I’ve posted many times about the considerable value of open standards for real-time transit data. While it’s always best if a transit authority offers its own feeds using open standards like GTFS-realtime or SIRI, converting available real-time data from a proprietary API into an open format still gets the job done. After a few months of kicking the problem around, I’ve finally written a tool to produce GTFS-realtime StopTimeUpdate, VehiclePosition, and Alert messages for Metrobus, as well as GTFS-realtime Alert messages for Metrorail.
wmata-gtfsrealtime, isn’t nearly as straightforward as it might be, because while the WMATA API appears to provide all of the information you’d need to create a GTFS-realtime feed, you’ll quickly discover that the route, stop, and trip identifiers returned by the API bear no relation to those used in WMATA’s GTFS feed.
One of the basic tenets of GTFS-realtime is that it is designed to directly integrate with GTFS, and for that reason identifiers must be shared across GTFS and GTFS-realtime feeds.
In WMATA’s case, this means that it is necessary to first map routes in the API to their counterparts in the GTFS feed, and then, for each vehicle, map its trip to the corresponding trip in the GTFS feed. This is done by querying a OneBusAway
TransitDataService (via Hessian remoting) for active trips for the mapped route, then finding the active trip which most closely matches the vehicle’s trip.

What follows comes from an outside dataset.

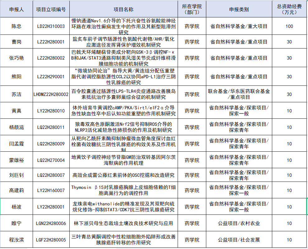 2021年12月6日,浙江省科学技术厅正式下发《关于下达2022年度浙江省基础公益研究计划项目的通知》,公司共有14项基金获得资助,占全校立项数的22.6%。其中,重大重点项目立项数取得突破性进展,重大项目1项,占全校重大项目立项数的50%;重点项目4项,占全校重点项目立项数的66.7%。

Matching is done by constructing a metric space in which the distance between a stoptime in the API data and its counterpart in the GTFS feed is defined as an (x, y, t) tuple—that is, our notion of “distance” becomes distance in both space and time. The distances fed into the metric are actually halved, in order to bias the scores towards matching based on time, while allowing some leeway for stops which are wrongly located in either the GTFS or real-time data.

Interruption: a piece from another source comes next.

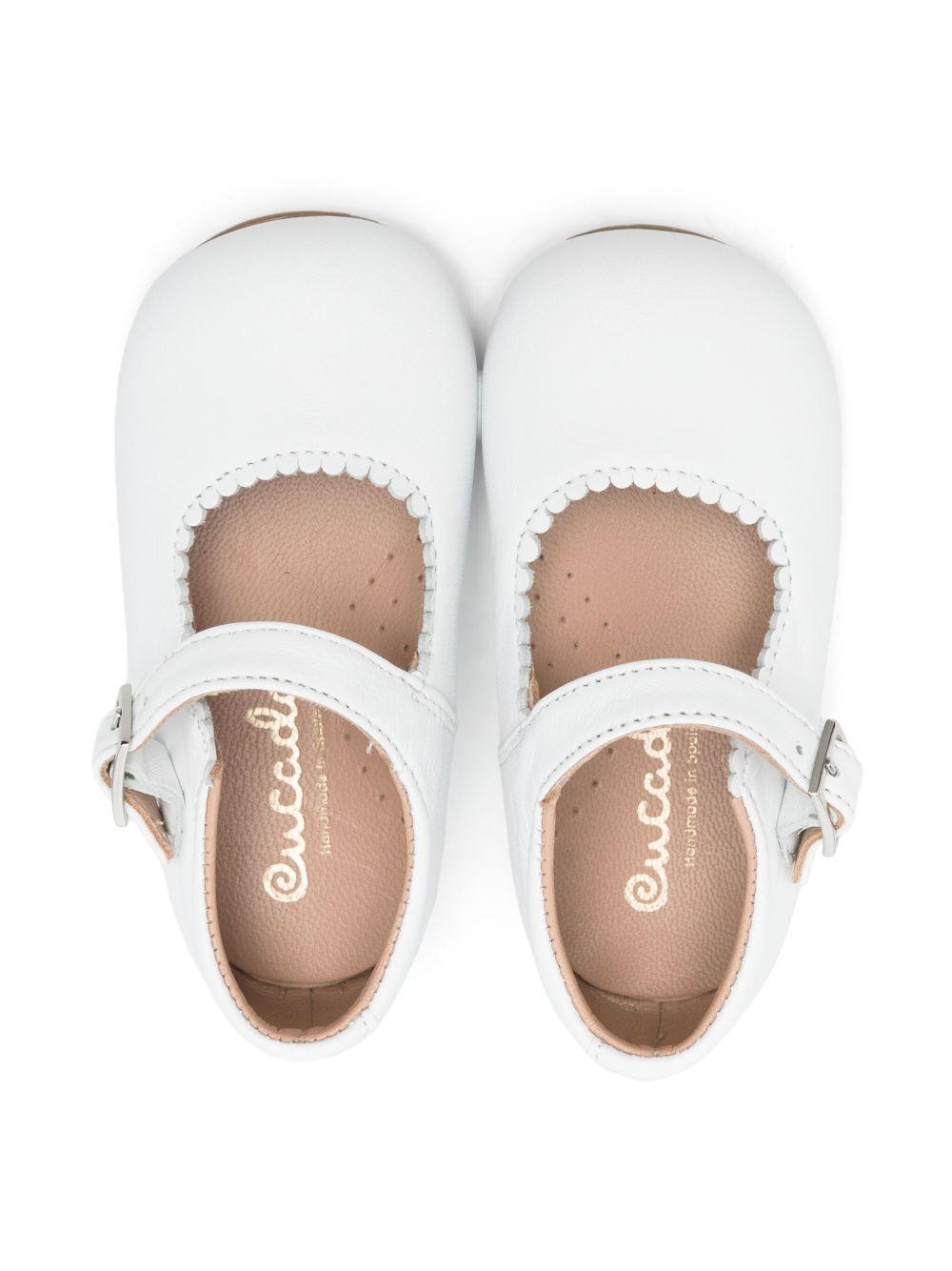 Eli1957 white leather ballerinas for girls with buckle strap

The resulting algorithm will map all but one or two of the 900-odd vehicles on the road during peak hours. Spot-checking arrivals for stops in OneBusAway against arrivals for the same stop in NextBus shows relatively good agreement; of course, considering that NextBus is a “black box”, unexplained variances in NextBus arrival times are to be expected.
You may wonder why we can’t provide better data for Metrorail; the answer is simple: the API is deficient. As I’ve previously discussed, the rail API only provides the same data you get from looking at the PIDS in stations. Unfortunately, that’s not what we need to produce a GTFS-realtime feed. At a minimum, we would need to be able to get a list of all revenue trains in the system, including their current schedule deviation, and a trip ID which would either match a trip ID in the GTFS feed, or be something we could easily map to a trip ID in the GTFS feed.
This isn’t how it’s supposed to be. Look at this diagram, then, for a reality check, look at this one (both are from a presentation by Jamey Harvey, WMATA’s former Enterprise Architect). WMATA’s data management practices are, to say the least, sorely lacking. For most data, there’s no single source of truth. The problem is particularly acute for bus stops; one database might have the stop in one location and identified with one ID, while another database might have the same physical stop identified with a different number, and coordinates that place it in an entirely different location.
Better data management practices would make it easier for developers to develop innovative applications which increase the usability of transit services, and, ultimately improve mobility for the entire region. Isn’t that what it’s supposed to be about, at the end of the day?